Across 1,514 scans, the median time from URL submission to the first proven critical finding was 27 seconds. Eighty-four percent of apps had a critical found inside the first minute. Here is the distribution, by platform and by finding class.

This is a distribution study. We measured wall-clock time from URL submission to the first proven critical finding across 1,514 AI-built apps. The median is 27 seconds. The 90th percentile is 92 seconds. Beyond two minutes, the long tail begins — apps that needed full crawl, multiple probes, or authenticated state to surface a critical.

If your reaction is “that’s fast”, the unsettling implication is that an attacker is not slower.

Headline numbers

Metric	Value
Apps scanned	1,514
Apps where a critical was found	712 (47%)
Median time-to-first-critical (where found)	27 seconds
90th percentile	92 seconds
Fastest observed	4.2 seconds
Slowest within-scan	8 minutes 11 seconds
Window	Nov 2025 – Apr 2026

Distribution

Time bucket	Apps reaching first critical in this bucket	Cumulative share
0-15s	198	28%
15-30s	218	58%
30-60s	184	84%
60-120s	71	94%
120-300s	32	99%
300s+	9	100%

Eighty-four percent of apps with a critical exposed it inside the first minute.
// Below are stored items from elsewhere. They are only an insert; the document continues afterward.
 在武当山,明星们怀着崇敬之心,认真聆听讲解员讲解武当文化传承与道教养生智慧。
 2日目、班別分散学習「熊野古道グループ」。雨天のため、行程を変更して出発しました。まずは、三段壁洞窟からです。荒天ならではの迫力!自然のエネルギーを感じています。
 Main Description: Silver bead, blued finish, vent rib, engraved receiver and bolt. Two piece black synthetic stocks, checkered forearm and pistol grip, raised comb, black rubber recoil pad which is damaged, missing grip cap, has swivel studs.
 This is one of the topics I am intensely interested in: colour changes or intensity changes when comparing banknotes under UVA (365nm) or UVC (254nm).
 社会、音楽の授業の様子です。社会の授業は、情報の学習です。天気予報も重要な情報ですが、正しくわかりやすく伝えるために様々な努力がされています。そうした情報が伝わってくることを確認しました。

The 0-15 second bucket is dominated by a single failure class — secrets in the static bundle.

By finding class

Finding class	Median time-to-detect	Why it ranks here
Secret in static bundle	6s	Detectable on first parse of HTML and JS
Source map shipped to production	8s	Same as above; one extra network request
Open Firebase rules	12s	One unauthenticated read against the public REST endpoint
Permissive Supabase RLS	18s	Anon key extraction + PostgREST table enumeration
RLS off entirely	22s	Slightly slower because the scan has to enumerate the table
CORS allow-all on credentialed endpoint	31s	Requires a preflight test against an API endpoint
BOLA — read	64s	Two test users + cross-account fetch
BOLA — write (PATCH/PUT)	78s	Same as above plus the write-back step
Self-editable role	91s	Requires successful auth, profile fetch, mutated PATCH, re-fetch
Open redirect on auth callback	134s	Requires triggering full auth flow

The five fastest classes — bundle secrets, source maps, open Firebase rules, permissive RLS, RLS off — together cover 76% of all critical findings. They are also the five classes that need zero authenticated probing to detect.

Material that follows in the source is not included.